About the job
# About the Team
- The Machine Learning Engineer (Commerce AI) position plays a crucial role in addressing various operational and service challenges within the Toss commerce domain using advanced AI technologies.
- The team tackles complex issues like operation automation, seller evaluation, product information, and search quality that require sophisticated judgment across the commerce spectrum.
- Utilizing a variety of AI technologies such as LLM, RAG, and multimodal models, we design innovative approaches to define and solve problems.
- We go beyond simply solving existing issues; we redefine and expand the problems themselves.
- **Interested in learning more about Toss's data organization?** [→ *Toss Data Division Wiki*](https://recruit-data-division.oopy.io/)
# Responsibilities
- Leverage diverse forms of information including text, images, audio, and structured data to model and resolve complex challenges within the commerce domain.
- Experiment with large language models (LLM), RAG, and multimodal models to explore new solutions for previously unsolvable tasks.
- Investigate opportunities to apply AI to areas that have not been clearly defined before.
- Validate the effectiveness of designed models through offline/online experiments and quantitative evaluations, maintaining iterative improvement routines.
- Design solutions that not only emphasize technical sophistication but also consider business applicability and sustainability.
# Ideal Candidate
- Experience in solving problems using ML technologies, including the latest AI techniques (LLM/RAG, LMM), with a strong understanding of business requirements.
- Proficiency in designing models that integrate various forms of data (text, images, audio, structured data) and rapidly adapting them.
- Familiarity with applying ML technologies to services and improving them iteratively, along with a comprehensive understanding of service architecture.
- Demonstrated leadership throughout the entire process from problem definition to model design, experimentation, and quantitative evaluation.
- Proficiency in the latest AI ecosystem, including tools like PyTorch, Hugging Face Transformers, and LangChain.
- Experience in designing solutions that account for both technical experimentation and service applicability and scalability.
- A keen interest and ability to explore and technically define new problems.
# Resume Tips
- Instead of merely listing modeling techniques, provide concrete examples of improvements made and their impacts.
- Highlight any significant achievements derived from experiments and iterative improvements under various constraints.
- Emphasize your role in collaborative processes and how you contributed to problem-solving beyond just technical aspects.
# Recruitment Process
- Application submission > 1st Technical Interview (Coding) > 2nd Technical Interview > Cultural Fit Interview > Reference Check > Compensation Negotiation > Final Acceptance.

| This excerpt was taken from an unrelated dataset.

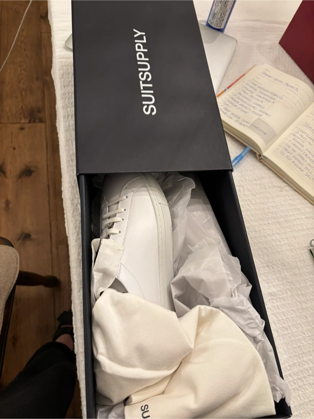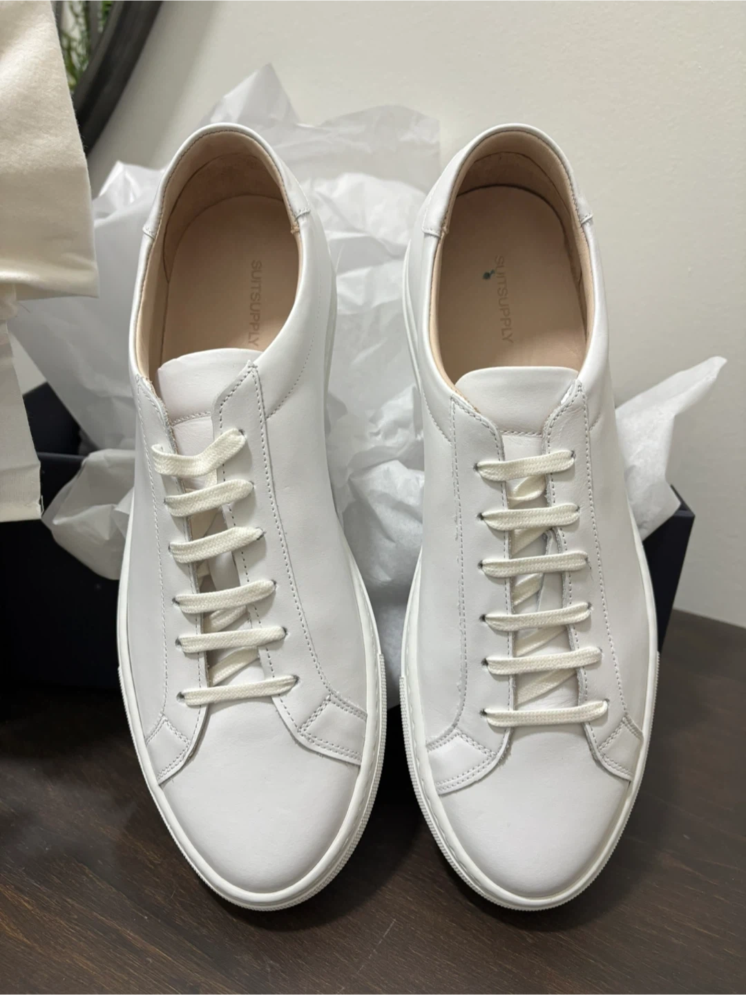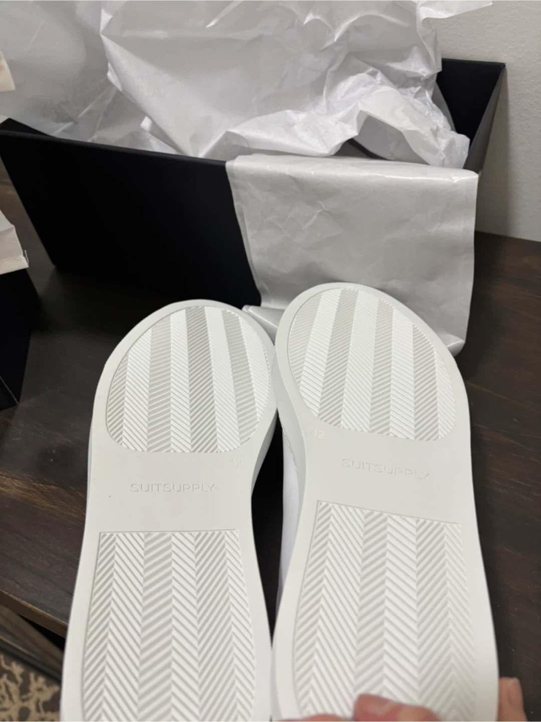 Selling a brand new pair of Suitsupply sneakers! These are a clean, classic style in all-white leather. They are a size 42. Comes with the original box and dust bag!

- The first interview will include a straightforward coding test, resume review, and basic ML knowledge assessment.
- The second interview will focus on in-depth technical discussions and ML system design.
# A Note for Future Colleagues
> "Solving complex problems with AI is just the beginning.
What we truly focus on is re-examining the problems themselves and transforming them for the better."
- It’s not just about feeding refined data into models; it’s about contemplating how to technically resolve problems that are still undefined.
- We always begin with questions like, "Do we really need to model this?" and engage in a process of redefining the problem to find the most impactful solutions.
- We aim to design new workflows led by AI, rather than merely applying AI to tasks that have been traditionally performed manually.